The team's research was published in the journal ACS Energy Letters.

Source: Vanderbilt University via American Chemical Society

View gallery - 3 images
7 comments
7 comments
CAVUMark
I'll vote for less energy density, less power density and larger physical size if the entire cell is easily recyclable and non polluting.
Grelly
Missing from the article is any sort of comparison. What is its advantage over (say) lead acid batteries? Weight? Cost? Size? Greener?
Booleanboy
Grelly I guess there are several 'wins' here. If a scalable storage system can be created by using minimally reprocessed scrap materials you have cost and environmental gains. If you're removing lead from the equation there's another big environmental benefit too. As CAVUMark suggests, there are many applications where high energy density is not essential (such as solar and wind-generated electricity storage) where batteries of this type would be very valuable. I look forward to hearing how the project progresses.
Craig Whitley
$40 for 48 hours of access to their content on this battery. Seems their objectives are not as noble as this article indicates.
HermanVanRoey
And I wonder where or who to link to, in order to follow up on future developments, as the intention is to make energy-storage available in the future...
Noel K Frothingham
Nobility does not cover expenses.
ljaques
Wow, lead-acid gives you 41Wh/kg and these are 20Wh/kg?
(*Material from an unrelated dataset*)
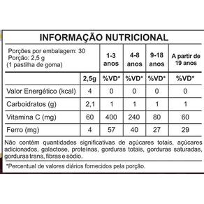 Kit 3 gummy ferro + vitamina c sabor laranja unilife 30 gomas Modo de ingestão: ingerir 1 goma ao dia. Este produto é recomendado para grupo populacional a partir de 1 ano. Este produto não é um . Não exceder a recomendação diária de consumo indicada na embalagem. Mantenha fora do alcance de crianças. Ingredientes: água, ácido ascórbico, bisglicinato ferroso, acidulante ácido cítrico, aroma natural de laranja, corantes vermelho beterraba e beta-caroteno de blakeslea trispora, edulcorante isomalte, gelificante pectina, glaceante cera de carnaúba e regulador de acidez di-hidrogenocitrato de sódio. Livre de lactose. Não contém glúten. Produto vegano. Produto autorizado para comercialização em todo o território nacional através do anexo i da rdc 240/2018 da anvisa. Afe do ms 6.02234-1.

Half is just a bit less density, @CAVUMark. <g> LiFePo4 batteries give 90–110 Wh/kg, so they're considerably closer to LA, but the price is triple ($0.17 vs $0.50). I didn't see temperature info and wonder if this water-based electrolyte will freeze at sub-zero temps. I guess it would be a good indoor battery which could be more available to DIYers. Lithium Nickel Manganese Cobalt Oxide (NMC) is starting to be used in EVs from China. I'm curious to find out more about that, too.